The 'No TLS state for client' is an extra check that was probably added later in tls_pre_decrypt_lite. When I kick out that check, I get the 'TLS keys are out of sync' error again. Just above that error, there is a defined-out debugging block that gives more information about what the actual values are to the test in tls_pre_decrypt mentioned in ticket #206:

Thu Nov 15 21:06:05 2012 us=663890 213.119.171.47:30777 UDPv4 READ [125] from [AF_INET]213.119.171.47:30777: P_DATA_V1 kid=0 DATA len=124
Thu Nov 15 21:06:05 2012 us=663979 213.119.171.47:30777 TLS_PRE_DECRYPT: [0] dken=0 rkid=0 lkid=0 auth=0 def=0 match=0
Thu Nov 15 21:06:05 2012 us=664057 213.119.171.47:30777 TLS_PRE_DECRYPT: [1] dken=0 rkid=0 lkid=0 auth=0 def=0 match=0
Thu Nov 15 21:06:05 2012 us=664144 213.119.171.47:30777 TLS_PRE_DECRYPT: [2] dken=0 rkid=0 lkid=0 auth=0 def=0 match=0
Thu Nov 15 21:06:05 2012 us=664296 213.119.171.47:30777 TLS Error: local/remote TLS keys are out of sync: [AF_INET]213.119.171.47:30777 [0]

This seems to indicate that it's not just link_socket_actual_match (match) that's failing, but DECRYPT_KEY_ENABLED (dken) and ks->authenticated (auth) are also preventing the packet from getting accepted.

(This is the code that ticket #206 references?)

if (DECRYPT_KEY_ENABLED (multi, ks)

&& key_id == ks->key_id
&& ks->authenticated

#ifdef ENABLE_DEF_AUTH

&& !ks->auth_deferred

#endif

&& link_socket_actual_match (from, &ks->remote_addr))

{

/* return appropriate data channel decrypt key in opt */

The issue is now that I don't have enough knowledge about crypto programming to dig much deeper and especially not to make any useful changes, but I hope this helps a bit.

My application is a 3G mobile connected laptop with an occasionally very flaky link that I tunnel through a static machine so that the tunnel server provides a static endpoint for TCP sessions, even if the 3G connection is dropped and comes back up with a different IP. Being able to use --float would make it quicker to resume sessions in that case and not have the delay that comes with sending the USR1 signal to openvpn; in the train I often only have very short timeframes of connectivity that I'd like to use as much as possible.

comment:7 Changed 7 years ago by avalentin

Hi!

I also saw this problem and thought about a soultion.
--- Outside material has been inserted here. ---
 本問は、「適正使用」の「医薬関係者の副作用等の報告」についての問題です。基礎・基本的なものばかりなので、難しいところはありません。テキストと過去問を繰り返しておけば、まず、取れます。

I found the HMAC in auth mode, which is enabled by default and gives a way to check a floated peer against the list of existing peers. If the HMAC fits the peers crypto context, the old peer is updated with the new address.
Please see the following patch as a draft!
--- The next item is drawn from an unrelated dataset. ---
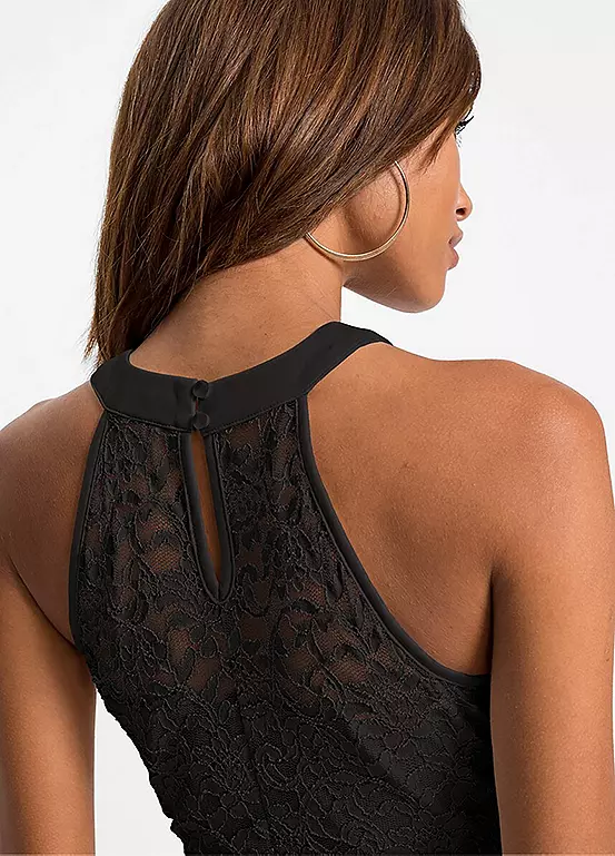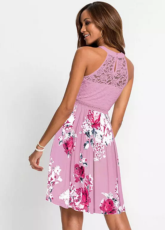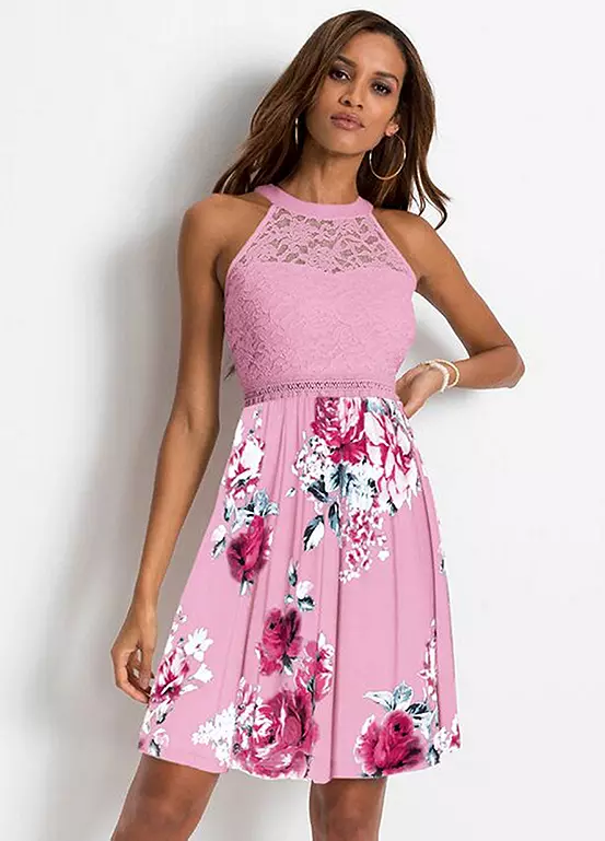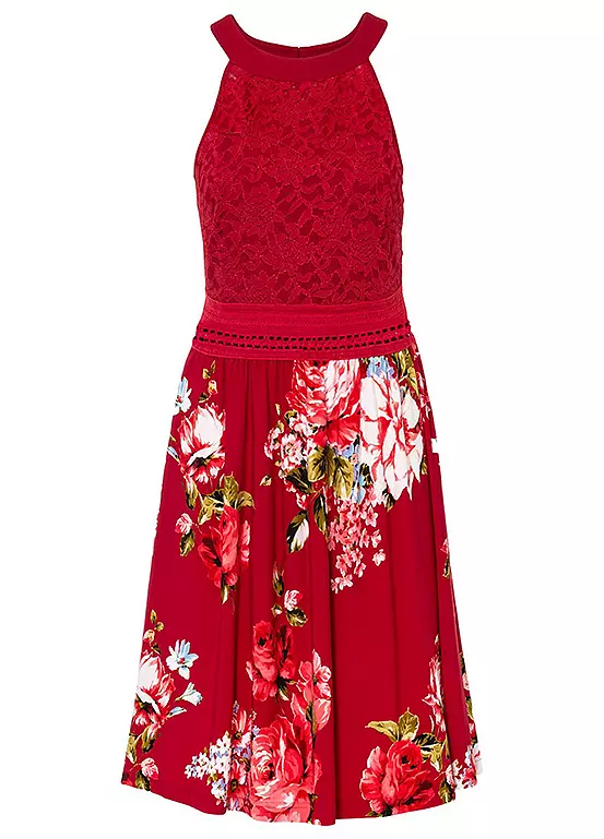 This romantic dress comes with a lace covered bodice and a floral print skater skirt.

Last edited 7 years ago by avalentin (previous) (diff)

Changed 7 years ago by avalentin

Attachment: tlsfloat.patch added

Enable floating in UDP server mode if auth algo is enabled

comment:8 Changed 7 years ago by marceldb

Thanks for the patch! I've been trying it for a few days now and it seems to be working (connectivity is much better.)
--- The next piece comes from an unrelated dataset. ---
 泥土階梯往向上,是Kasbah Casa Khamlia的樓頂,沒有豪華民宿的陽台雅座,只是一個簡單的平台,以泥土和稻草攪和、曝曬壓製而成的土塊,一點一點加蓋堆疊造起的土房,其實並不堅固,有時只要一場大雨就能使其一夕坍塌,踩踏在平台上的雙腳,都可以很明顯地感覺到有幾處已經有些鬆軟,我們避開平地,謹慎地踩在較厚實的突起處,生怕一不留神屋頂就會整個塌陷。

I did have to disable the ping checks though, otherwise the tunnel will still be renegotiated during a connection outage. Unfortunately, disabling the ping checks results in a crash of the server, apparently when the connection is torn down because of too many failed TLS renegotiations:

Fri Oct 25 18:06:12 2013 xxx.xxx.xxx.xxx:22494 Authenticate/Decrypt? packet error: packet HMAC authentication failed

Repeated quite a few times, this is probably some leftover traffic as there were TLS handshake failures just above it too. (18:06 is around the time when I drop the connection from the client.)

One hour later it appears to start TLS renegotiation, which fails because the client is no longer there:

Fri Oct 25 19:07:13 2013 xxx.xxx.xxx.xxx:22494 TLS Error: TLS key negotiation failed to occur within 60 seconds (check your network connectivity)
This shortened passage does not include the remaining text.